Researchers Uncover a Crucial Element in Stopping Cancer Relapse

News Desk3 months ago

A significant discovery by researchers at The Medical University of South Carolina (MUSC) Hollings Cancer Center explains why chemotherapy and radiation therapy may not always be effective in curing cancer.

These therapies try to induce cancer cells to commit suicide, but they frequently fall short in the long run because cancer cells are able to adapt, flee, and regrow tumors.

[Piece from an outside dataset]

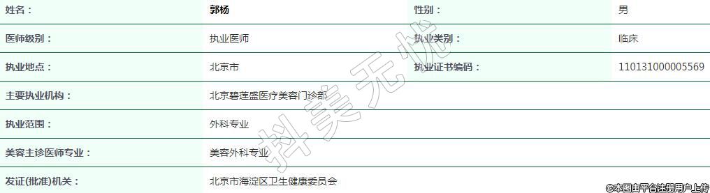 北京碧蓮盛醫(yī)療美容執(zhí)業(yè)醫(yī)生

Even though PGCCs have been identified since the development of the microscope and have been seen in malignant tissues, it is unknown how they contribute to the recurrence of cancer.

Recently, a group at Hollings Cancer Center led by Christina Voelkel-Johnson, Ph.D., discovered particular genes that prostate cancer cells alter to become prostate cancer cells that can withstand the stress of therapy.

The group also found that PGCCs can eventually regain their ability to divide cells, which promotes the recurrence of cancer. The Journal of Biological Chemistry published this study.

Recently, researchers at Hollings Cancer Center under the direction of Christina Voelkel-Johnson, Ph.D., found specific genes that prostate cancer cells change to become resistant to the stresses of treatment.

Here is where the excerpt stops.